Chissà, forse in occasione del prossimo Congresso, previsto in autunno, che dovrà rinnovare il Politburo e certificare il passaggio di consegne da Hu Jintao a Xi Jinping alla guida del Partito e del Paese. Tanto che una compagnia operante su Internet ha scritto, in un post immediatamente censurato su Weibo ma raccolto dal Telegraph, che ci sarebbe già un regolamento apposito, che potrebbe sconnettere la Cina dal resto del mondo per un lasso di tempo compreso tra tre e 24 ore.

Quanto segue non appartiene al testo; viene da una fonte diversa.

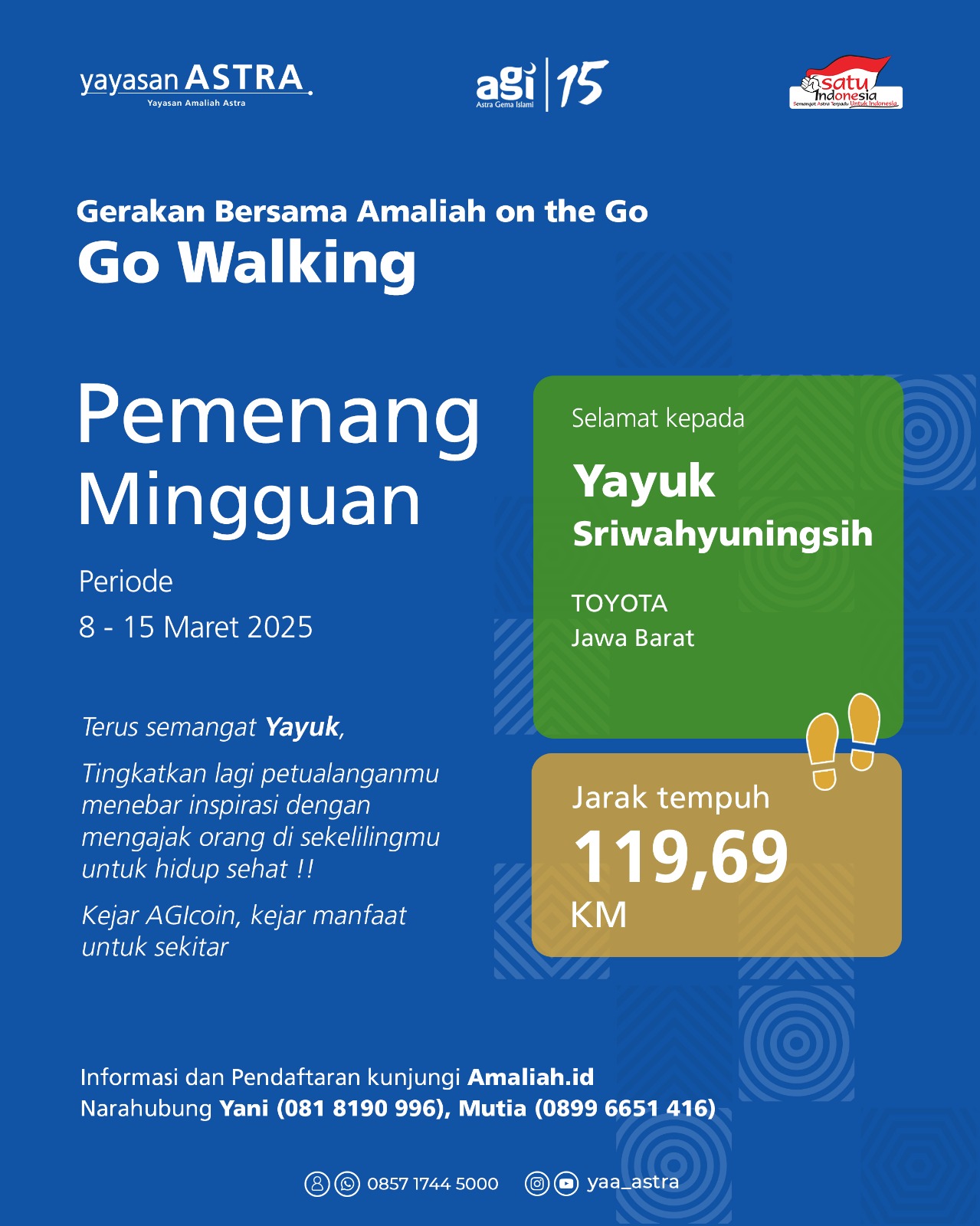 6 bulan yang lalu Publik👟 Pemenang Mingguan Amaliah on the Go-Go Walking AGI 15 (08 Maret - 15 Maret 2025) 👟

Pensando al contesto politico in cui si è svolto il blocco, l’ipotesi del test sembra in ogni caso la più probabile. Dopo la caduta del potente Bo Xilai, infatti, il regime ha reagito al caos apertosi all’interno del Partito stringendo la sua morsa repressiva sulla Rete e, in particolare, sui social network, dove dal 31 marzo al 3 aprile sono addirittura stati vietati tutti i commenti. La guerra è alle indiscrezioni, un calderone che finisce per raccogliere tutte le notizie e i commenti invisi al regime. Oltre 200 mila ’tweet’ «dannosi» sono stati eliminati, 42 siti chiusi solo a partire da marzo. E le principali testate del Paese hanno ricevuto una circolare che prevede sanzioni penali per chi dovesse rivelare per prime le notizie su Weibo, saltando di fatto il consueto scrutinio preventivo del Partito.
E se le autorità si sono finora rifiutate di fornire qualunque spiegazione del blocco, un’ammissione indiretta è nelle parole dell’ufficiale dell’autorità che si occupa di Internet e informazione, Liu Zhengrong: «Stiamo cercando di rendere Internet qualcosa di più utile e credibile per promuovere lo sviluppo economico e sociale della Cina, così da proteggere al meglio il diritto dei cittadini di sapere, la loro partecipazione, espressione e supervisione.» Un ambiente «sano», insomma, solo quando coincide con gli interessi del Partito. In caso contrario, ecco spuntare i “guasti”.